What the task asks
Only the lines below between the one holding "蝴蝶结袜子女秋勃肯鞋搭配袜子堆堆袜长袜中筒袜条纹袜子女花边袜" and the one holding "Ultraviolet light is", inclusive, are to be reproduced word for word; the pictures are to be left out.

Records
<<<<

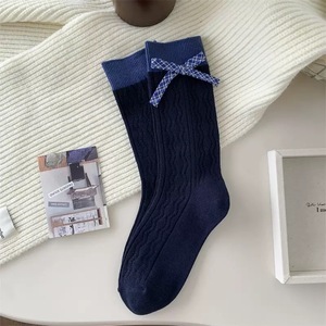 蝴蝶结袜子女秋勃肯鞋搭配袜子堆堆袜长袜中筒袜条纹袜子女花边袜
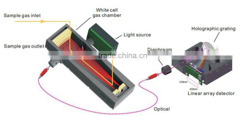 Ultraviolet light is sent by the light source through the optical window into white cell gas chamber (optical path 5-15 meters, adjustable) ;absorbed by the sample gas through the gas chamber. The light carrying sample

>>>>
<<<<

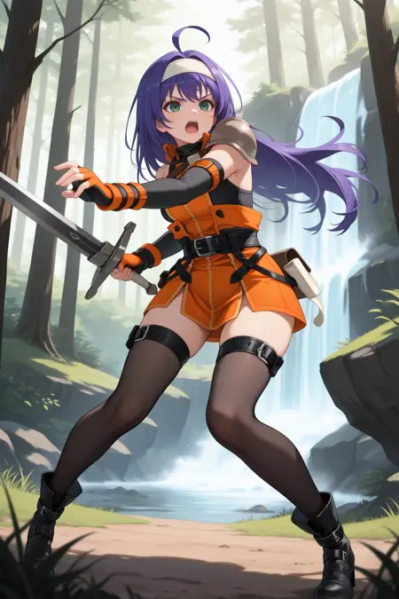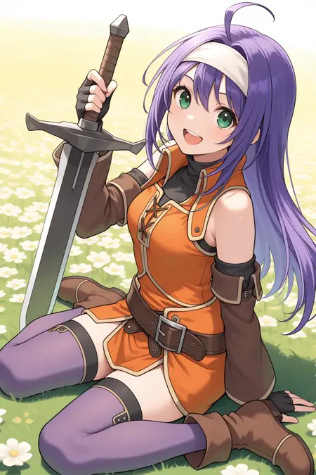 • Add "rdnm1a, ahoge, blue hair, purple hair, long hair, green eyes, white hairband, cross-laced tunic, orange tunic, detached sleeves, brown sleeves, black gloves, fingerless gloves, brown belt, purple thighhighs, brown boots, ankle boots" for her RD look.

>>>>

Written response
 蝴蝶结袜子女秋勃肯鞋搭配袜子堆堆袜长袜中筒袜条纹袜子女花边袜
 Ultraviolet light is sent by the light source through the optical window into white cell gas chamber (optical path 5-15 meters, adjustable) ;absorbed by the sample gas through the gas chamber. The light carrying sample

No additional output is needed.